The COVID-19 pandemic has affected individuals in every aspect of their lives. Many people have felt hopeless and scared from losing love ones, family members, friends, co-workers and neighbors. This pandemic has made mental health a top priority. Many people struggled with understanding what the future holds for them and when they will move forward from these unprecedented times. As a result of these racing thoughts and unanswered questions, individuals start to experience symptoms of anxiety and depression, which are common mental health illnesses in the U.S. 

Although mental health-related concerns have risen during the pandemic, mental health has always been an issue within the Black community. Individuals in the Black community are not seeking mental health care due to multiple reasons related to the stigma of mental health and other societal factors. These stigmas are often negative and viewed as being weak if you have any mental health concerns. According to the World Health Organization, 25% of African Americans seek mental health care, compared to 40% of whites. Often in the Black community, mental health can be developed through traumatic experiences such as racism, prejudices, and societal stressors.
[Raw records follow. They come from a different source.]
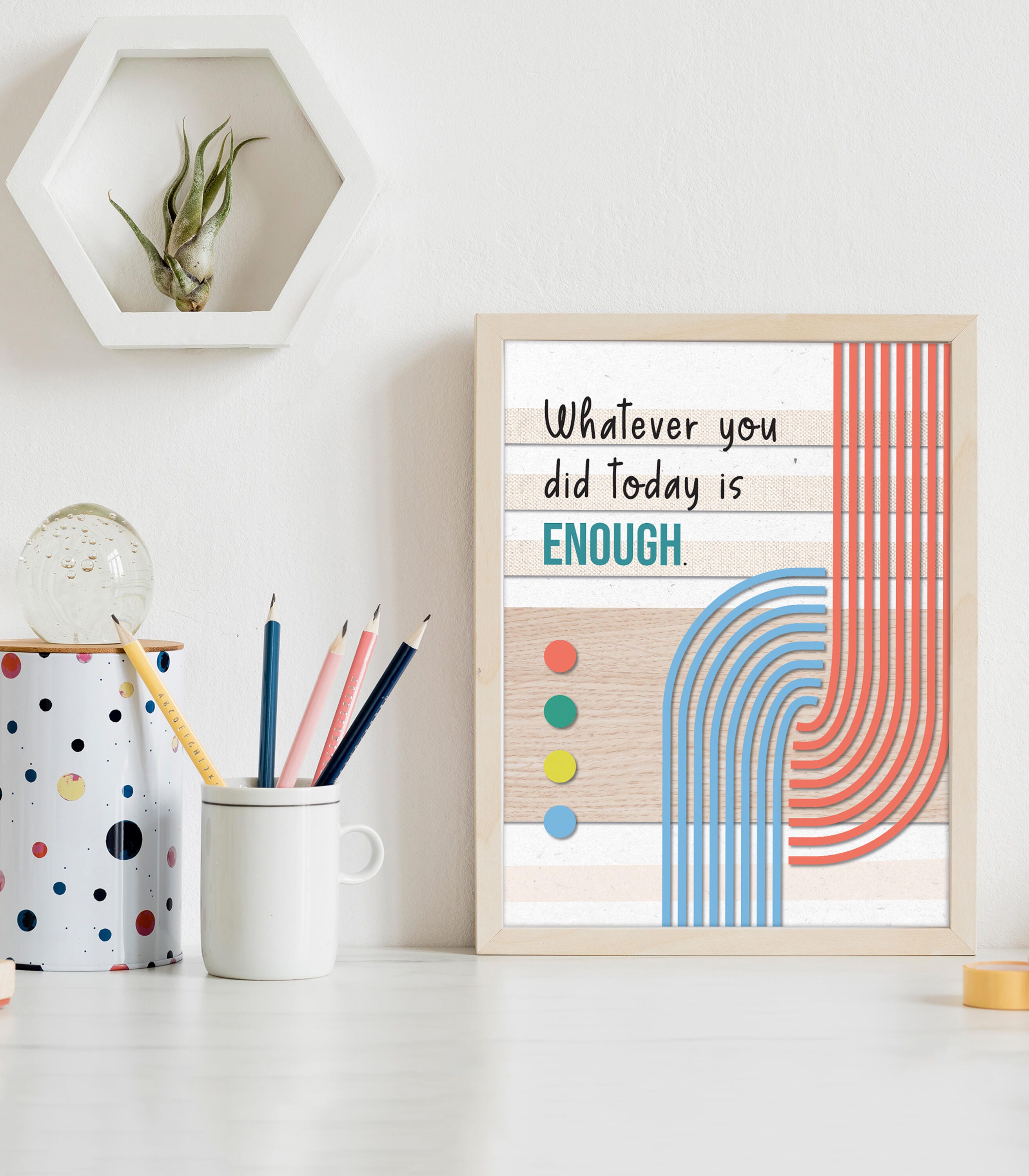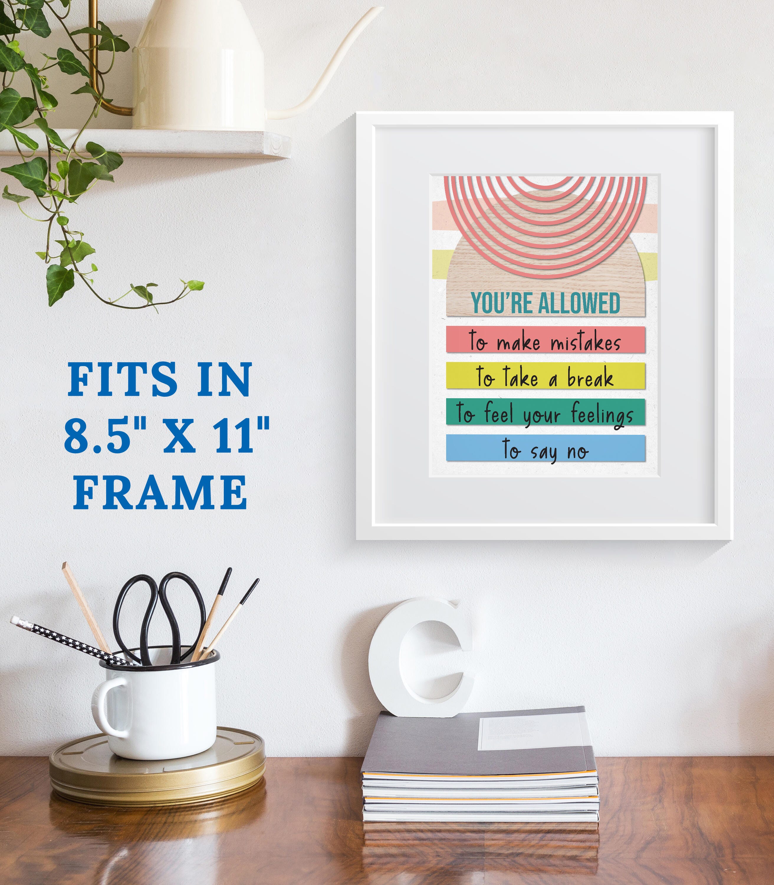 The inspirational wall art set includes 12 motivational posters with inspirational quotes and a variety of beautiful, organic designs to create stylish, modern décor with touches of natural textures and patterns. Each motivational poster features positive sayings such as “You are worth it”, “Become what inspires you”, and ‘Make time for what make makes you happy” to encourage a growth mindset in and out of the classroom. Measuring 8-1/2 x 11 inches, these stylish, printable posters are perfect for framed wall art, office décor, and desk décor, or for decorating bulletin board, cork board, and other visual displays in your classroom, home, or dorm room.Features
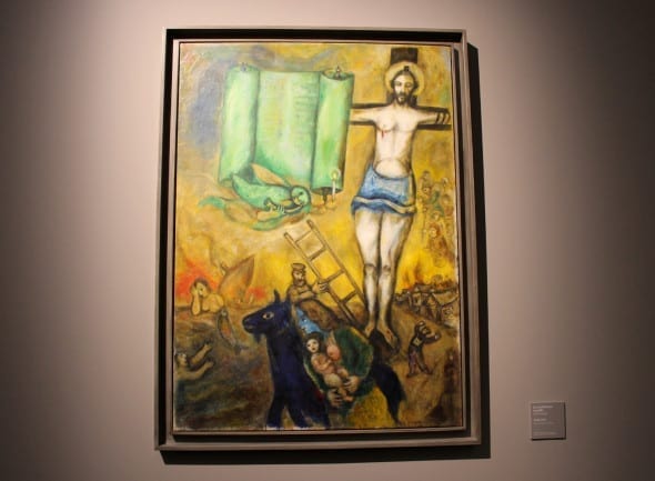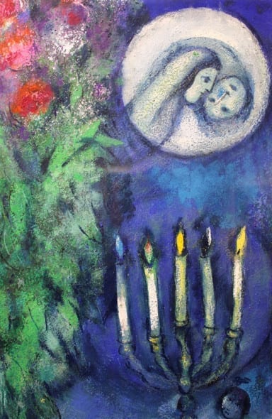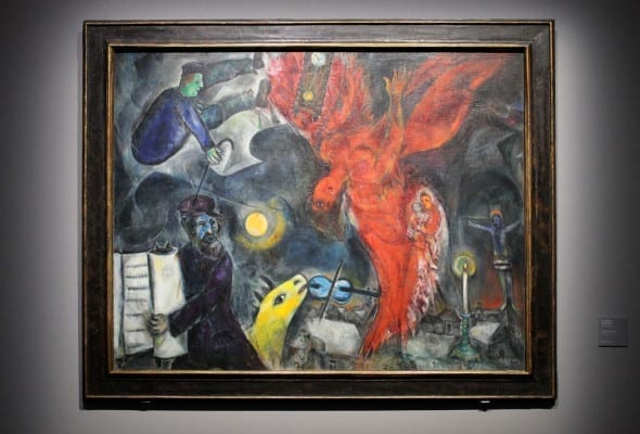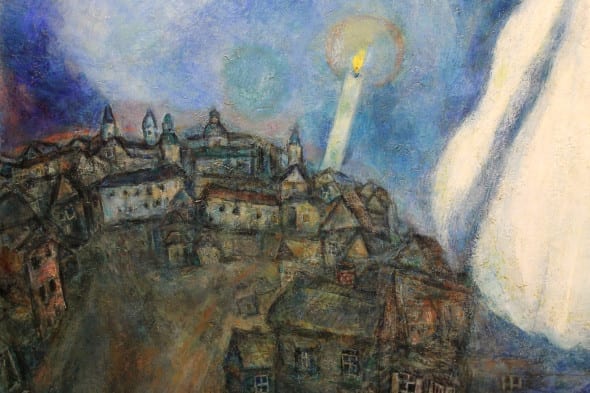 Una religiosità profonda, un arte “di un mercurio scintillante, di un’anima blu che irrompe nei quadri“, un’opera senza limiti, atemporale e senza distinzioni. Al di sopra di tutto e tutti. Trasfigurata sulla tela come una fiaba o una poesia, ispirata alla patria, alla vita contadina, alla famiglia, all’amore e alla fede ebraica ma anche al dolore e alle persecuzioni, nelle quali il colore, autonomo e brillante, zampilla trascinando con sé figure oniriche che ne popolano lo spazio. Un metissage di culture e tradizioni nella volontà di “fare della contaminazione un valore”: un manifesto di tolleranza unico nel Novecento e assolutamente attuale.
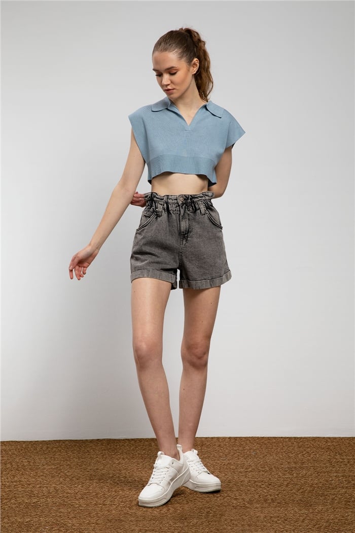 Nisan Kadın Gömlek Yaka Crop Triko Süveter İNDİGO TT3109-Z (TT3109-Z)
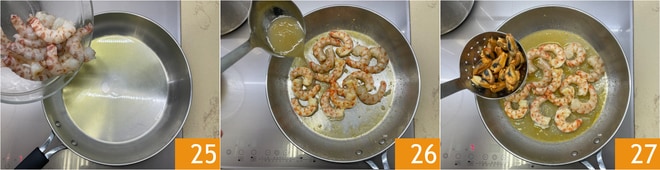 Dans une poêle, versez un filet d'huile, ajoutez les crevettes 25 et faites-les sauter pendant quelques minutes, puis déglacez avec le liquide de cuisson des moules 26. Ajoutez également les moules restantes 27 et cuisez pendant quelques minutes, juste le temps de mélanger les ingrédients.
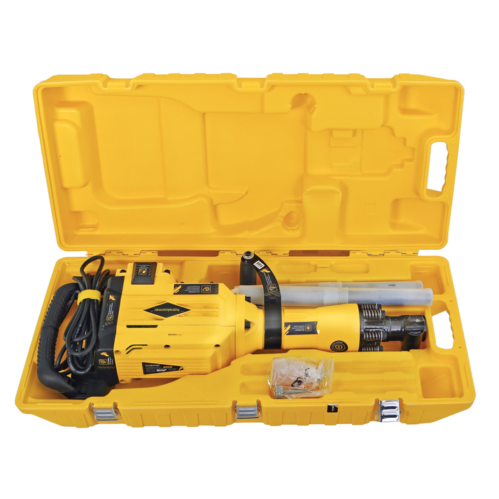 Hanskonner HRH2048VC – мощный и производительный отбойный молоток с типом патрона HEX. Предназначен для разрушения конструкций из бетона, железобетона, кирпича и камня, долбления асфальтовых, бетонных и плиточных покрытий. Инструмент обладает отличной развесовкой, за счет чего достигается его уверенный контроль, а также тщательно проработанной эргономикой. Регулируемая на 360° дополнительная D-образная рукоять обеспечивает надежный хват в любом положении отбойного молотка, а наличие антивибрационной задней рукояти способствует снижению нагрузки на оператора при работе. Модель оснащена 2100 Вт электродвигателем и мощным ударным механизмом, развивающим энергию удара в 50 Дж – это позволяет быстро и эффективно справляться с задачами по демонтажу различной сложности. Высокий ресурс инструмента при работе в особо тяжелых условиях гарантируют бронированный арамидной нитью электродвигатель ArmorProtect и закаленные шестерни редуктора. Для простоты обслуживания модель имеет функцию быстрого доступа к щеткам, способствующую их замене без разбора элементов корпуса. Длинный пятиметровый сетевой кабель 5VelcroRubber дает возможность расширить рабочую зону до 78 м2 без необходимости применения дополнительного удлинителя. Наличие специального фиксатора-липучки позволяет быстро и просто фиксировать кабель в транспортном положении. Удобство хранения и перемещения отбойного молотка с места на место обеспечивает штатный металлический кейс-тележка.

While facing these opportunities, Black community members resist seeking help needed and dealing with mental illness for their entire lives, which can be generationally passed down for many years. 

Supporting the Black Alumni society will help raise awareness and educate the Black community on mental health and the importance of seeking help when needed. In addition, this will also allow the Black community to fight the negative stigma around mental health. The Black Alumni Society and I will continue having conversations advocating for the Black community to focus on mental health concerns.